DEV Community

loading...

DynamoDB with Go #8 - Implement hierarchical data with Single Table Design

Jędrzej Szczepaniak
・12 min read

This episode is all about implementation. If you didn't read episode 7th - please do because we can't move forward without it. Assuming you've already read it, let's express all the use cases we have with help of unit tests.

Registering a sensor

Registering a sensor gives ability to record new readings of the sensor later on.

t.Run("register sensor, get sensor", func(t *testing.T) {
  tableName := "SensorsTable"
  db, cleanup := dynamo.SetupTable(t, ctx, tableName, "../template.yml")
  defer cleanup()
  manager := sensors.NewManager(db, tableName)

  err := manager.Register(ctx, sensor)
  assert.NoError(t, err)

  returned, err := manager.Get(ctx, "sensor-1")
  assert.NoError(t, err)
  assert.Equal(t, sensor, returned)
})
Enter fullscreen mode Exit fullscreen mode

In order to verify that registration went well - sensor is retrieved afterwards. You might wonder - isn't unit testing about testing single units? Isn't the registration a unit? Well, registration doesn't really matter if we cannot do anything with it, and a unit is single behavior. At the beginning of the journey of testing my code it was a little strange for me. I was thinking - "but now such test has 2 reasons to break". Thinking in terms of above example - when registration fails and when retrieval fails. Later on, I came to the conclusion that there is superiority of such test over - for example checking what method was called underneath because it is better to test behavior than implementation. This is the key aspect of testing for me because change in implementation shouldn't break tests when behavior doesn't change. Now let's go back to the sensor business. Next behavior we want to cover is inability to register a sensor with the same ID twice.

Inability to register the same sensor twice

t.Run("do not allow to register many times", func(t *testing.T) {
  tableName := "SensorsTable"
  db, cleanup := dynamo.SetupTable(t, ctx, tableName, "../template.yml")
  defer cleanup()
  manager := sensors.NewManager(db, tableName)

  err := manager.Register(ctx, sensor)
  assert.NoError(t, err)

  err = manager.Register(ctx, sensor)
  assert.EqualError(t, err, "already registered")
})
Enter fullscreen mode Exit fullscreen mode

When you try to register again you get slapped with an error. One thing I want to mention is sensor variable that I used in both above mentioned snippets.
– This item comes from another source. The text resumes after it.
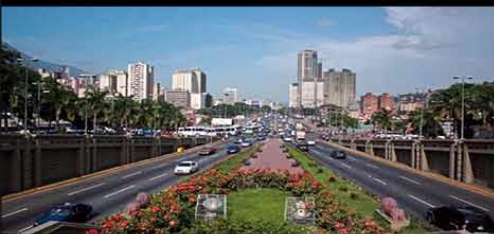
Weather conditions and environmental monitoring

It's just exemplary sensor I've declared on top of the test suite. You can look it up in the repository if you want to.

Recording a sensor reading

Since we know how to register a sensor, let's record a reading of that sensor.

t.Run("save new reading", func(t *testing.T) {
  tableName := "SensorsTable"
  db, cleanup := dynamo.SetupTable(t, ctx, tableName, "../template.yml")
  defer cleanup()
  manager := sensors.NewManager(db, tableName)

  err := manager.Register(ctx, sensor)
  assert.NoError(t, err)

  err = manager.SaveReading(ctx, sensors.Reading{SensorID: "sensor-1", Value: "0.67", ReadAt: time.Now()})
  assert.NoError(t, err)

  _, latest, err := manager.LatestReadings(ctx, "sensor-1", 1)
  assert.NoError(t, err)
  assert.Equal(t, "0.67", latest[0].Value)
})
Enter fullscreen mode Exit fullscreen mode

After saving new reading I need to verify somehow that it worked. In order to do that I am using LatestReadings method that provides me with one latest reading - which hopefully should be the one that was just saved.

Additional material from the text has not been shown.